* What is being asked: Print all of the records. Exclude the images.

* Dataset records:
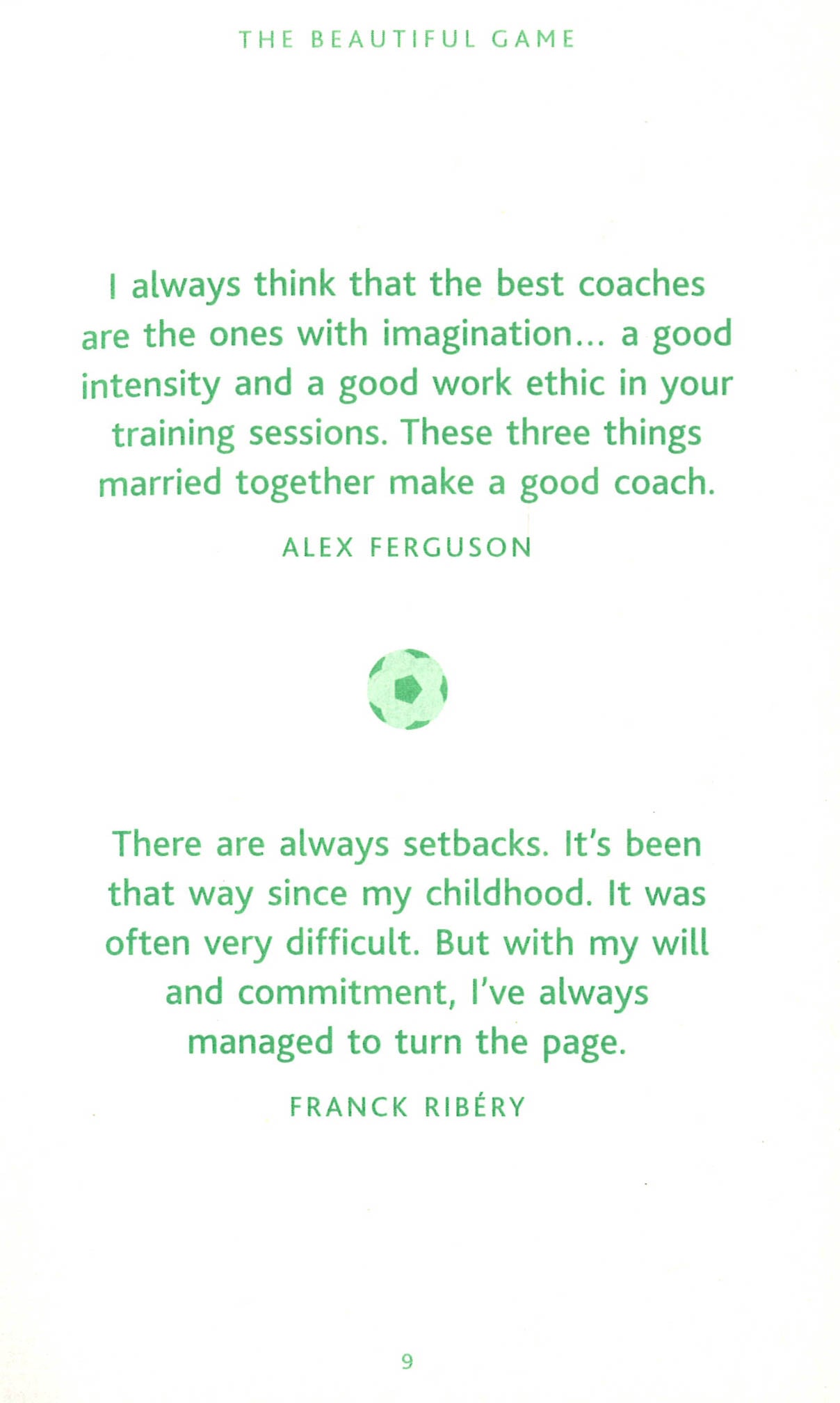 What matters above all is that the game should be played in the right spirit...' Sir Matt Busby A football match is never short of commentators, but only those with a real passion for the game, who know it inside-out, can offer truly wise and encouraging words. The book collects quotations from legendary players, managers, trainers and officials, painting an inspirational portrait of the highs and lows, glorious victories and agonising defeats, of the most popular sport on the planet.
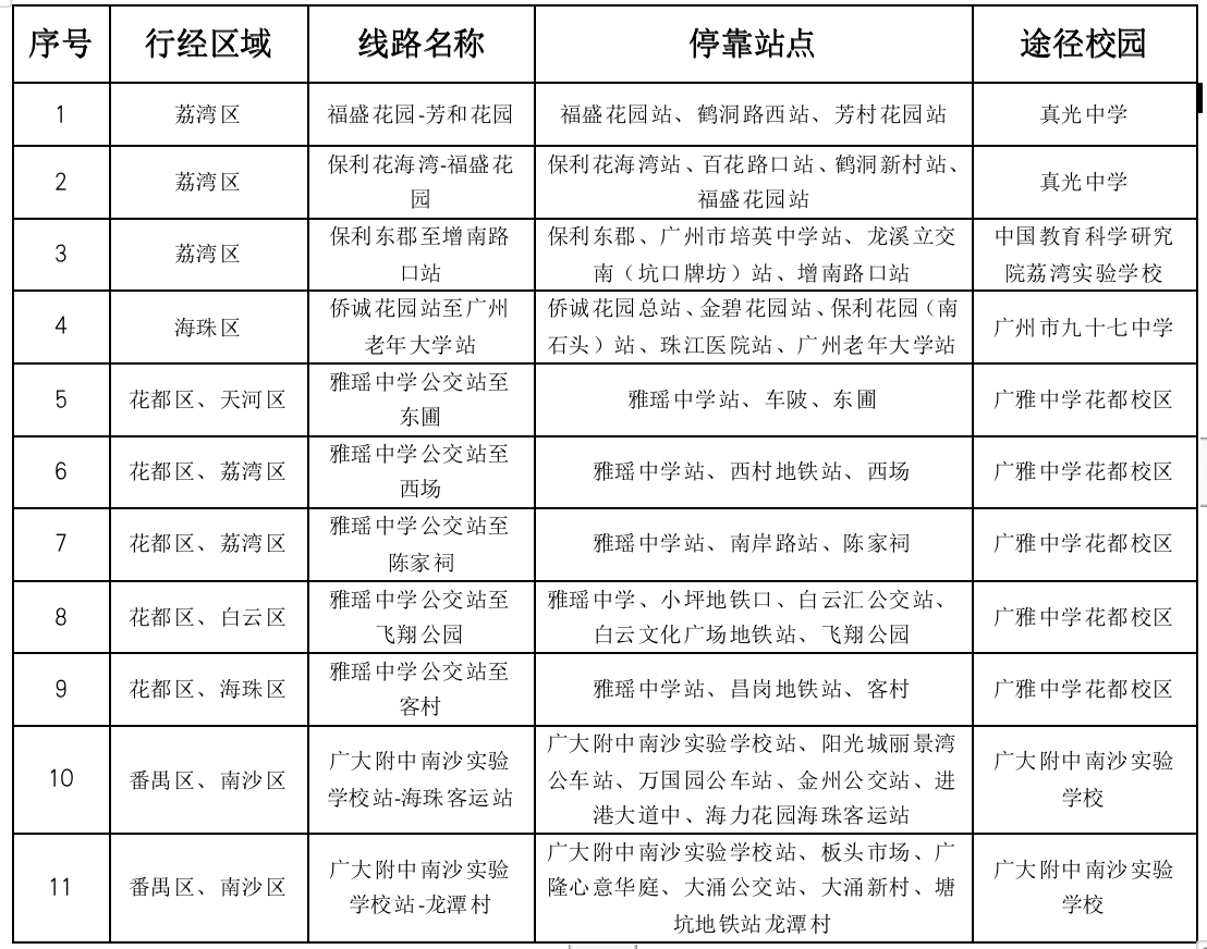 8月24日,记者了解到,广州巴士集团计划从八月末起,新开行11条定制公交线路,途经真光中学、九十七中等5所校园,线路信息如下:
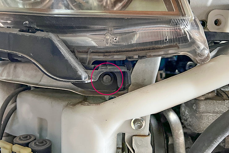 運転席側のフォグランプ灯体の黒い枠?に配線が固定されていましたので引っ張って外しておきます。
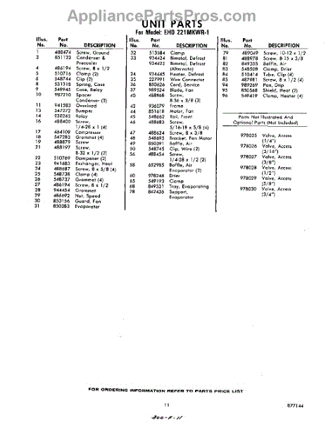 Parts for Whirlpool EHD221MKWR1: 11 - Section Parts
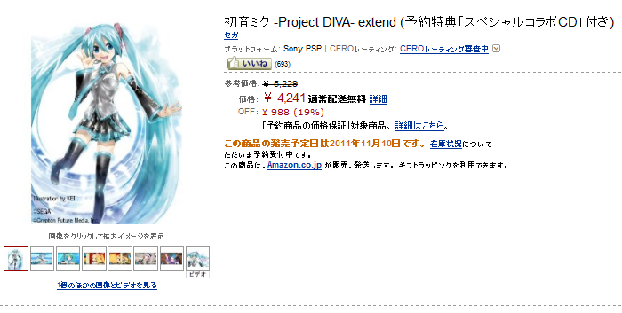初音ミク -Project DIVA- extend (予約特典「スペシャルコラボCD」付き)をamazonで予約する。
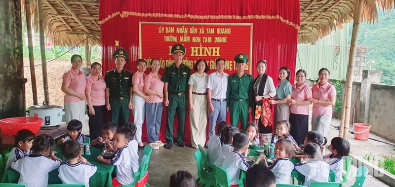 Le Hong Quang, Principal of Tam Quang Kindergarten, said that border guard officers and soldiers always assist the school in maintaining facilities and improving learning conditions, while also initiating activities to care for the health and wellbeing of local children.
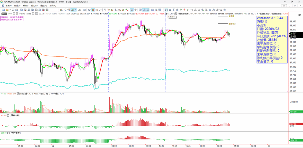 看台指期五分K + 均線 ,可以看得出昨天走勢早盤先跌一小段後一路往上拉,拉抬權值股 尤其是聯發科和鴻海大漲 帶動 期貨指數上漲
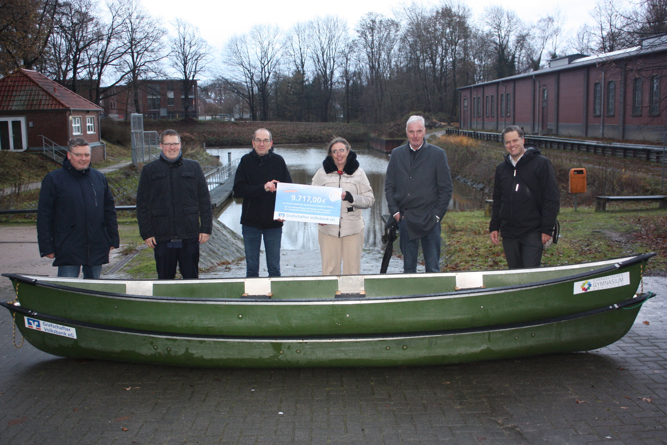 In der vergangenen Woch kamen Vertreter der Volksbank, der Stadt sowie des EGN zusammen, um der Schule einen Scheck in Höhe von 9717 Euro zu überreichen. Mit diesem Betrag wurde der erste Schritt zur Wiederbelebung des Kukkerthafens getätigt, indem acht Kandier, drei Kajaks und die dazugehörigen Paddel und Schwimmwesten angeschafft wurden. Diese lagern bereits in einem der kleinen Häuser am Klukkerthafen und sollen bald von den Schülern genutzt werden.
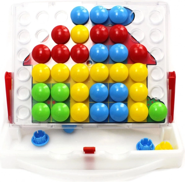 - 48 kloboučků (4 barvy), 8 oboustranných karet s předlohami, děrovaná deska, kufřík
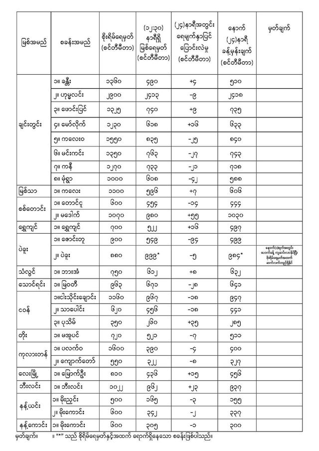 Oct 10,2023 |04:05 | ၁၀-၁၀-၂၀၂၃ မိုးလေဝသနှင့်ဇလဗေဒညွှန်ကြားမှုဦးစီးဌာနမှ (၁၀.၁၀.၂၀၂၃) ရက်နေ့တွင် ထုတ်ပြန်သည့် နေ့စဉ်မြစ်ရေခန့်မှန်းချက်များကို အောက်ပါအတိုင်း ဖော်ပြလိုက်ပါတယ်... မိုး/ဇလ
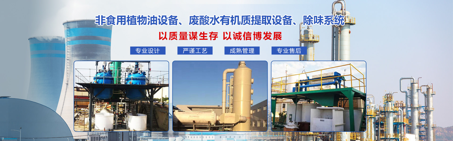 海南盛陽世紀機械設備有限公司是一家專門從事非食用植物油生產設備、廢酸水有機質提取設備、除味系統、水處理工藝設備的設計、研發(fā)、制造、銷售、租賃以及技術培訓、自動化設計等一站式服務的專業公司

* Result of the exercise:
 What matters above all is that the game should be played in the right spirit...' Sir Matt Busby A football match is never short of commentators, but only those with a real passion for the game, who know it inside-out, can offer truly wise and encouraging words. The book collects quotations from legendary players, managers, trainers and officials, painting an inspirational portrait of the highs and lows, glorious victories and agonising defeats, of the most popular sport on the planet.
 8月24日,记者了解到,广州巴士集团计划从八月末起,新开行11条定制公交线路,途经真光中学、九十七中等5所校园,线路信息如下:
 運転席側のフォグランプ灯体の黒い枠?に配線が固定されていましたので引っ張って外しておきます。
 Parts for Whirlpool EHD221MKWR1: 11 - Section Parts
初音ミク -Project DIVA- extend (予約特典「スペシャルコラボCD」付き)をamazonで予約する。
 Le Hong Quang, Principal of Tam Quang Kindergarten, said that border guard officers and soldiers always assist the school in maintaining facilities and improving learning conditions, while also initiating activities to care for the health and wellbeing of local children.
 看台指期五分K + 均線 ,可以看得出昨天走勢早盤先跌一小段後一路往上拉,拉抬權值股 尤其是聯發科和鴻海大漲 帶動 期貨指數上漲
 In der vergangenen Woch kamen Vertreter der Volksbank, der Stadt sowie des EGN zusammen, um der Schule einen Scheck in Höhe von 9717 Euro zu überreichen. Mit diesem Betrag wurde der erste Schritt zur Wiederbelebung des Kukkerthafens getätigt, indem acht Kandier, drei Kajaks und die dazugehörigen Paddel und Schwimmwesten angeschafft wurden. Diese lagern bereits in einem der kleinen Häuser am Klukkerthafen und sollen bald von den Schülern genutzt werden.
 - 48 kloboučků (4 barvy), 8 oboustranných karet s předlohami, děrovaná deska, kufřík
 Oct 10,2023 |04:05 | ၁၀-၁၀-၂၀၂၃ မိုးလေဝသနှင့်ဇလဗေဒညွှန်ကြားမှုဦးစီးဌာနမှ (၁၀.၁၀.၂၀၂၃) ရက်နေ့တွင် ထုတ်ပြန်သည့် နေ့စဉ်မြစ်ရေခန့်မှန်းချက်များကို အောက်ပါအတိုင်း ဖော်ပြလိုက်ပါတယ်... မိုး/ဇလ
 海南盛陽世紀機械設備有限公司是一家專門從事非食用植物油生產設備、廢酸水有機質提取設備、除味系統、水處理工藝設備的設計、研發(fā)、制造、銷售、租賃以及技術培訓、自動化設計等一站式服務的專業公司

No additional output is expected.